**Exercise objective**
The complete listing below should be transcribed precisely.

--- Extracted entries ---

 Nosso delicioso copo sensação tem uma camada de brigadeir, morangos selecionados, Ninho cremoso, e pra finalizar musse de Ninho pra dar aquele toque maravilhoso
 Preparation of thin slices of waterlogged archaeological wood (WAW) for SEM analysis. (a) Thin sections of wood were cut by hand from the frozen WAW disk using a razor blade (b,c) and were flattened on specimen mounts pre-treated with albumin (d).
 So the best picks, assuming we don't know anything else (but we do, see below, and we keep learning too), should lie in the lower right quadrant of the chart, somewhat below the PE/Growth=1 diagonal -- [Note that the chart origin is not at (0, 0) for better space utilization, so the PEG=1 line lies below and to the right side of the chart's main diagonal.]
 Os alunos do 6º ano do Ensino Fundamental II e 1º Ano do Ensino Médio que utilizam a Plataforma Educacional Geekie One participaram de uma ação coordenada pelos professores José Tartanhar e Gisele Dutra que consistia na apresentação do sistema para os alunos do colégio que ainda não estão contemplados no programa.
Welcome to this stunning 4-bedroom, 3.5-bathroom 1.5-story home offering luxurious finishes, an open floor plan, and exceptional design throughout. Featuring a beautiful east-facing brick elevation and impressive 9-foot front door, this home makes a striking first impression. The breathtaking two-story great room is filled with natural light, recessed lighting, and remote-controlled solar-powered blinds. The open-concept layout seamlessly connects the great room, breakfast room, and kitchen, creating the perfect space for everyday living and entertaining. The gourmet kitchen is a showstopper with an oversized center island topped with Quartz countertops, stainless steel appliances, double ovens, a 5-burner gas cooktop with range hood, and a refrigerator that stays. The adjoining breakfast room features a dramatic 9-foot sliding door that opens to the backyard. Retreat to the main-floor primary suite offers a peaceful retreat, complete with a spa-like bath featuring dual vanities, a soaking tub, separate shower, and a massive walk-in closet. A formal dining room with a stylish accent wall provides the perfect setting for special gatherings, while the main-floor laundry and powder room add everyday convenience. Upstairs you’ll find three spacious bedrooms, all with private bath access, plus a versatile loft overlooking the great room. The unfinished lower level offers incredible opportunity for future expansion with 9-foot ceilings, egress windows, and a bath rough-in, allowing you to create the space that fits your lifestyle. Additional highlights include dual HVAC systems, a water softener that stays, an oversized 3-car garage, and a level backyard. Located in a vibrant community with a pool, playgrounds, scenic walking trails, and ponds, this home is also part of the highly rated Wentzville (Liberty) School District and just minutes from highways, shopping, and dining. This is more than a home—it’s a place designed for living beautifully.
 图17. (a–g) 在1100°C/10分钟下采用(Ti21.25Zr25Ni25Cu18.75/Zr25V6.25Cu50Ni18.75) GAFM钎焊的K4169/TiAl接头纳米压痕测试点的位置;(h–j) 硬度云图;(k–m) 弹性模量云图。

---

**Response below**
 Nosso delicioso copo sensação tem uma camada de brigadeir, morangos selecionados, Ninho cremoso, e pra finalizar musse de Ninho pra dar aquele toque maravilhoso
 Preparation of thin slices of waterlogged archaeological wood (WAW) for SEM analysis. (a) Thin sections of wood were cut by hand from the frozen WAW disk using a razor blade (b,c) and were flattened on specimen mounts pre-treated with albumin (d).
 So the best picks, assuming we don't know anything else (but we do, see below, and we keep learning too), should lie in the lower right quadrant of the chart, somewhat below the PE/Growth=1 diagonal -- [Note that the chart origin is not at (0, 0) for better space utilization, so the PEG=1 line lies below and to the right side of the chart's main diagonal.]
 Os alunos do 6º ano do Ensino Fundamental II e 1º Ano do Ensino Médio que utilizam a Plataforma Educacional Geekie One participaram de uma ação coordenada pelos professores José Tartanhar e Gisele Dutra que consistia na apresentação do sistema para os alunos do colégio que ainda não estão contemplados no programa.
Welcome to this stunning 4-bedroom, 3.5-bathroom 1.5-story home offering luxurious finishes, an open floor plan, and exceptional design throughout. Featuring a beautiful east-facing brick elevation and impressive 9-foot front door, this home makes a striking first impression. The breathtaking two-story great room is filled with natural light, recessed lighting, and remote-controlled solar-powered blinds. The open-concept layout seamlessly connects the great room, breakfast room, and kitchen, creating the perfect space for everyday living and entertaining. The gourmet kitchen is a showstopper with an oversized center island topped with Quartz countertops, stainless steel appliances, double ovens, a 5-burner gas cooktop with range hood, and a refrigerator that stays. The adjoining breakfast room features a dramatic 9-foot sliding door that opens to the backyard. Retreat to the main-floor primary suite offers a peaceful retreat, complete with a spa-like bath featuring dual vanities, a soaking tub, separate shower, and a massive walk-in closet. A formal dining room with a stylish accent wall provides the perfect setting for special gatherings, while the main-floor laundry and powder room add everyday convenience. Upstairs you’ll find three spacious bedrooms, all with private bath access, plus a versatile loft overlooking the great room. The unfinished lower level offers incredible opportunity for future expansion with 9-foot ceilings, egress windows, and a bath rough-in, allowing you to create the space that fits your lifestyle. Additional highlights include dual HVAC systems, a water softener that stays, an oversized 3-car garage, and a level backyard. Located in a vibrant community with a pool, playgrounds, scenic walking trails, and ponds, this home is also part of the highly rated Wentzville (Liberty) School District and just minutes from highways, shopping, and dining. This is more than a home—it’s a place designed for living beautifully.
 图17. (a–g) 在1100°C/10分钟下采用(Ti21.25Zr25Ni25Cu18.75/Zr25V6.25Cu50Ni18.75) GAFM钎焊的K4169/TiAl接头纳米压痕测试点的位置;(h–j) 硬度云图;(k–m) 弹性模量云图。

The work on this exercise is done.